DATA UNDER STUDY Block Start

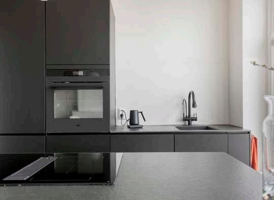 Een moderne keuken, welke is uitgerust met AEG apparatuur, die in 2022 is vernieuwd, waardoor er veel werk- en bergruimte is en je gemakkelijk contact houdt met de rest van de ruimte.
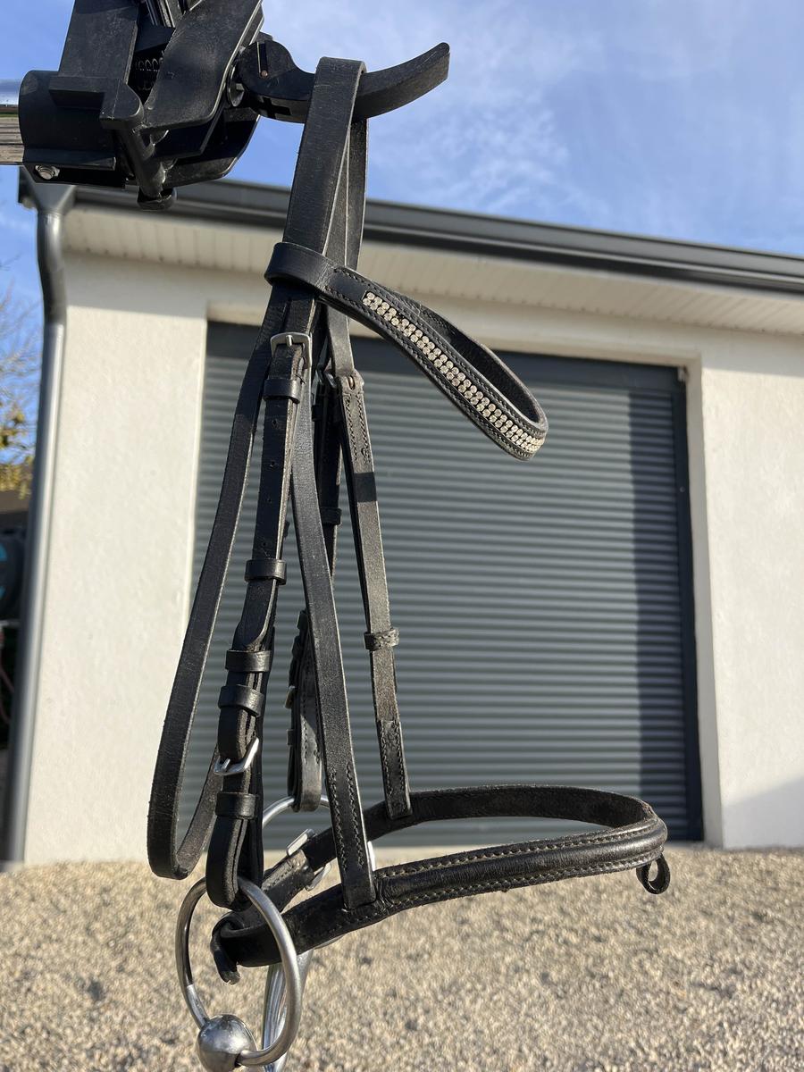 Filet Fouganza avec frontal à strass taille poney pas mal servi mais reste en très bon état manque un strass sur le côté (voir dernière photo) vendu sans le mors
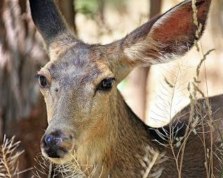 I will admit this is the first time I was more startled by a deer than the deer was by me. Earlier today I heard a noise directly behind me and spun around in surprise to see a deer so close that it was practically invading my personal space. It eyed me nonchalantly, appearing to be slightly amused by my reaction. If another couple of deer showed up I would have tried to remember how Tippi Hedren was first attacked in “The Birds.”
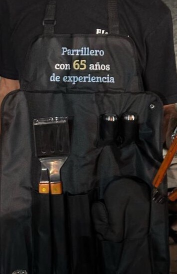 Le regalamos entre todos a Dani un gorro y un delantal bordado con los colores de la bandera de Argentina 🇦🇷 con su nombre y con el texto «Parrillero con 65 años de experiencia». Además en los bolsillos lleva unas pinzas y otros utensilios para que sea un buen “parrillero”.
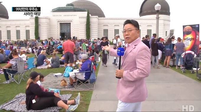 영화 '라라랜드'의 촬영지이기도 했던 이곳 LA 그리피스 천문대에도 이른 아침부터 인파가 모여 설레는 마음을 나눴다.
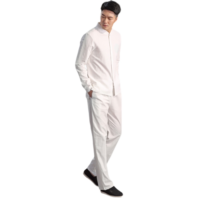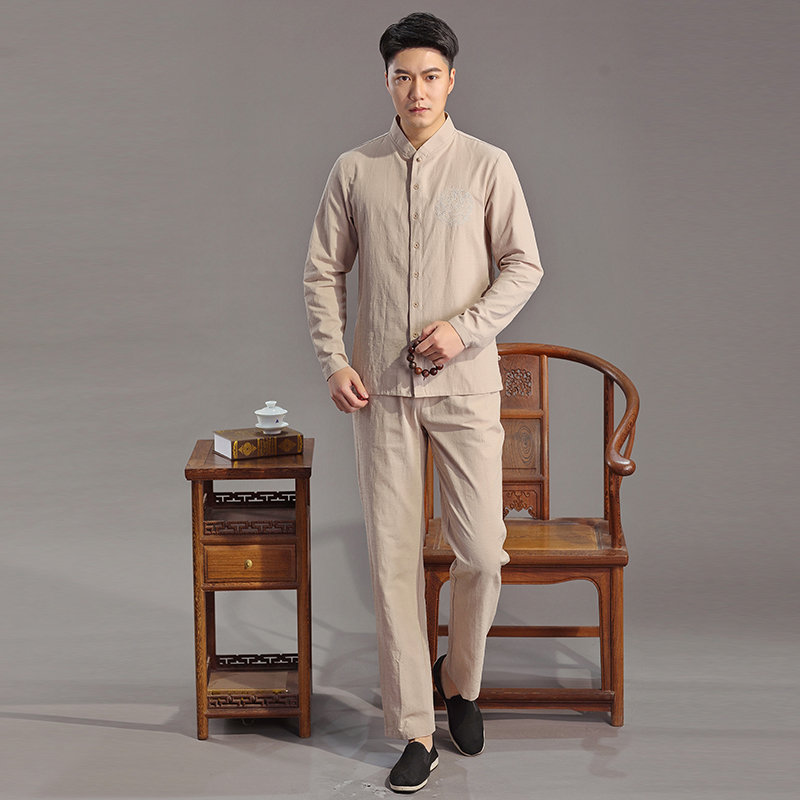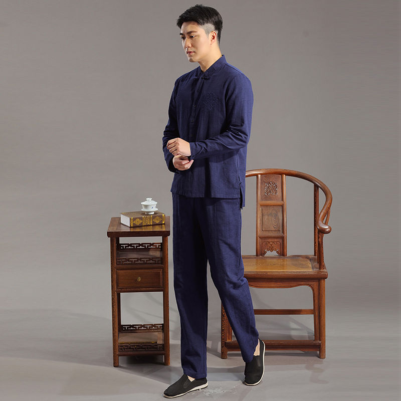 Spring Autumn Tangled Men's Cotton Jacquard Suit Plays Out of Long Sleeveless Chinese Wind Neckline Jacket Middle Aged Dad Clothes
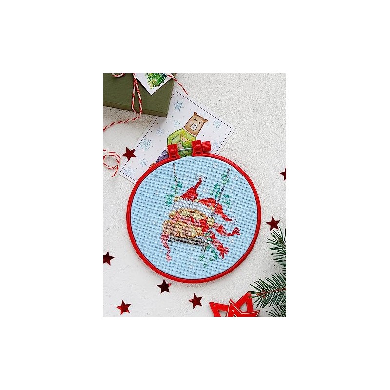 - Package contents: Canvas 100% cotton (blue 14 count), beads, convenient symbol scheme + instruction in 8 languages, needles, floss on a convenient organizer - 100% cotton (20 colours), Dimensions 15*15 cm / 5,91*5,91 inches. Embroidery hoop is included.
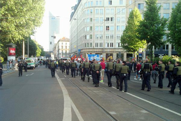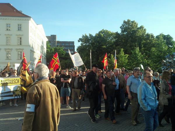 Nach einigen Wochen Pause marschiert das fremdenfeindliche Bündnis Legida am heutigen Montag wieder in Leipzig. Diesmal kann man den Parolen jedoch leider nicht via Livestream lauschen, wie das Bündnis auf seiner Facebook-Seite verlauten lässt: "Herzlich Willkommen vom Live Team, direkt vom Richard Wagner Platz hier in unserer Stadt. Technik steht - wir berichten heute per Facebook." 1.000 Teilnehmer hatten die Veranstalter für ihren "13. Abendspaziergang" im Vorfeld angekündigt bzw. wohl eher gewünscht. Tatsächlich machten sich letztendlich 250 bis 300 Teilnehmer auf die Socken.
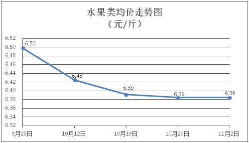 水果类商品价格微幅波动。所监测的6种水果商品价格波动情况为3涨2跌1平,综合零售均价为每斤6.39元,环比持平。其中橙子、苹果、西瓜零售均价分别为每斤7.34元、7.99元、3.20元,环比分别下降0.14%、上涨0.13%、上涨0.31%。
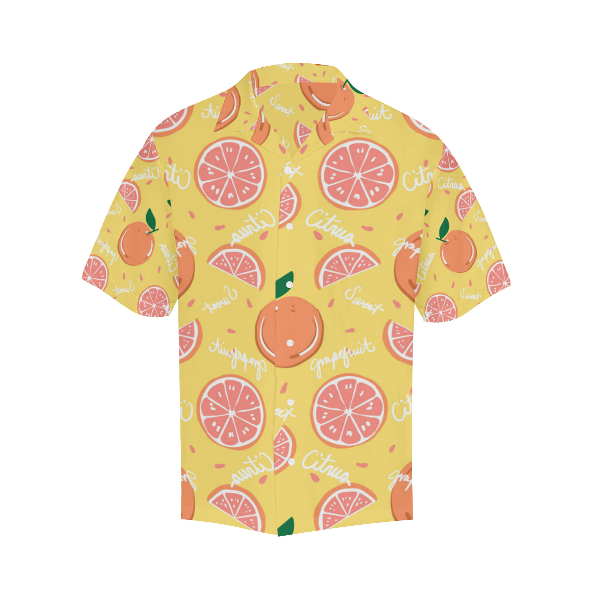 Grapefruit yellow background Men's All Over Print Hawaiian Shirt is a uniqued design and limited item. It made to order, hand printed, and sewn with love in our factory.
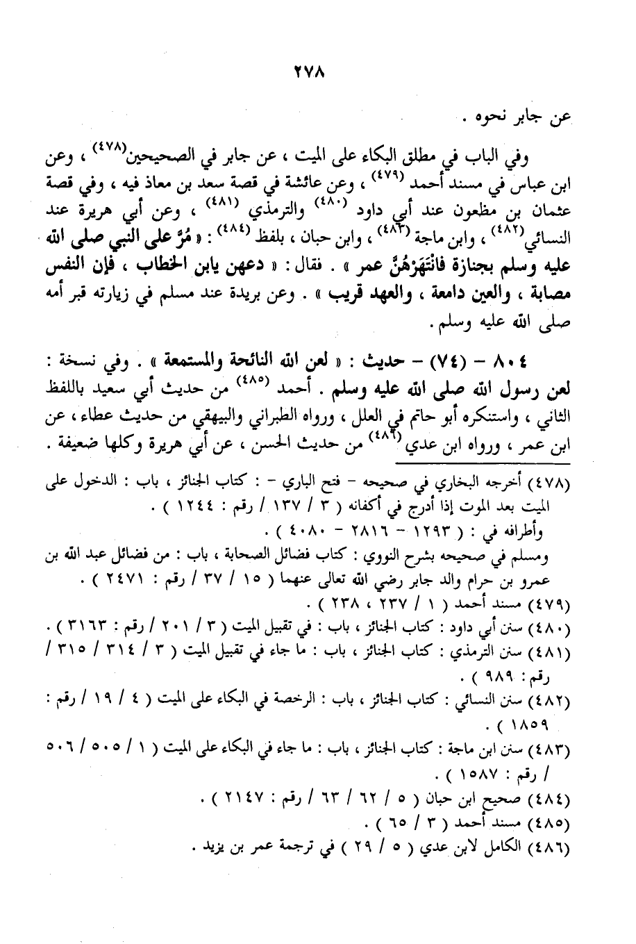 804 - (74) - حَدِيثُ: «لَعَنَ اللَّهُ النَّائِحَةَ وَالْمُسْتَمِعَةَ» . وَفِي نُسْخَةٍ: لَعَنَ رَسُولُ اللَّهِ - صَلَّى اللَّهُ عَلَيْهِ وَسَلَّمَ -. أَحْمَدُ مِنْ حَدِيثِ أَبِي سَعِيدٍ بِاللَّفْظِ الثَّانِي، وَاسْتَنْكَرَهُ أَبُو حَاتِمٍ فِي الْعِلَلِ، وَرَوَاهُ الطَّبَرَانِيُّ وَالْبَيْهَقِيُّ مِنْ حَدِيثِ عَطَاءٍ، عَنْ ابْنِ عُمَرَ، وَرَوَاهُ ابْنُ عَدِيٍّ مِنْ حَدِيثِ الْحَسَنِ، عَنْ أَبِي هُرَيْرَةَ وَكُلُّهَا ضَعِيفَةٌ.

DATA UNDER STUDY Block End

WORK REQUIRED: Transcribe the records word for word and include no pictures.

THE COMPLETED TASK:
 Een moderne keuken, welke is uitgerust met AEG apparatuur, die in 2022 is vernieuwd, waardoor er veel werk- en bergruimte is en je gemakkelijk contact houdt met de rest van de ruimte.
 Filet Fouganza avec frontal à strass taille poney pas mal servi mais reste en très bon état manque un strass sur le côté (voir dernière photo) vendu sans le mors
 I will admit this is the first time I was more startled by a deer than the deer was by me. Earlier today I heard a noise directly behind me and spun around in surprise to see a deer so close that it was practically invading my personal space. It eyed me nonchalantly, appearing to be slightly amused by my reaction. If another couple of deer showed up I would have tried to remember how Tippi Hedren was first attacked in “The Birds.”
 Le regalamos entre todos a Dani un gorro y un delantal bordado con los colores de la bandera de Argentina 🇦🇷 con su nombre y con el texto «Parrillero con 65 años de experiencia». Además en los bolsillos lleva unas pinzas y otros utensilios para que sea un buen “parrillero”.
 영화 '라라랜드'의 촬영지이기도 했던 이곳 LA 그리피스 천문대에도 이른 아침부터 인파가 모여 설레는 마음을 나눴다.
 Spring Autumn Tangled Men's Cotton Jacquard Suit Plays Out of Long Sleeveless Chinese Wind Neckline Jacket Middle Aged Dad Clothes
 - Package contents: Canvas 100% cotton (blue 14 count), beads, convenient symbol scheme + instruction in 8 languages, needles, floss on a convenient organizer - 100% cotton (20 colours), Dimensions 15*15 cm / 5,91*5,91 inches. Embroidery hoop is included.
 Nach einigen Wochen Pause marschiert das fremdenfeindliche Bündnis Legida am heutigen Montag wieder in Leipzig. Diesmal kann man den Parolen jedoch leider nicht via Livestream lauschen, wie das Bündnis auf seiner Facebook-Seite verlauten lässt: "Herzlich Willkommen vom Live Team, direkt vom Richard Wagner Platz hier in unserer Stadt. Technik steht - wir berichten heute per Facebook." 1.000 Teilnehmer hatten die Veranstalter für ihren "13. Abendspaziergang" im Vorfeld angekündigt bzw. wohl eher gewünscht. Tatsächlich machten sich letztendlich 250 bis 300 Teilnehmer auf die Socken.
 水果类商品价格微幅波动。所监测的6种水果商品价格波动情况为3涨2跌1平,综合零售均价为每斤6.39元,环比持平。其中橙子、苹果、西瓜零售均价分别为每斤7.34元、7.99元、3.20元,环比分别下降0.14%、上涨0.13%、上涨0.31%。
 Grapefruit yellow background Men's All Over Print Hawaiian Shirt is a uniqued design and limited item. It made to order, hand printed, and sewn with love in our factory.
 804 - (74) - حَدِيثُ: «لَعَنَ اللَّهُ النَّائِحَةَ وَالْمُسْتَمِعَةَ» . وَفِي نُسْخَةٍ: لَعَنَ رَسُولُ اللَّهِ - صَلَّى اللَّهُ عَلَيْهِ وَسَلَّمَ -. أَحْمَدُ مِنْ حَدِيثِ أَبِي سَعِيدٍ بِاللَّفْظِ الثَّانِي، وَاسْتَنْكَرَهُ أَبُو حَاتِمٍ فِي الْعِلَلِ، وَرَوَاهُ الطَّبَرَانِيُّ وَالْبَيْهَقِيُّ مِنْ حَدِيثِ عَطَاءٍ، عَنْ ابْنِ عُمَرَ، وَرَوَاهُ ابْنُ عَدِيٍّ مِنْ حَدِيثِ الْحَسَنِ، عَنْ أَبِي هُرَيْرَةَ وَكُلُّهَا ضَعِيفَةٌ.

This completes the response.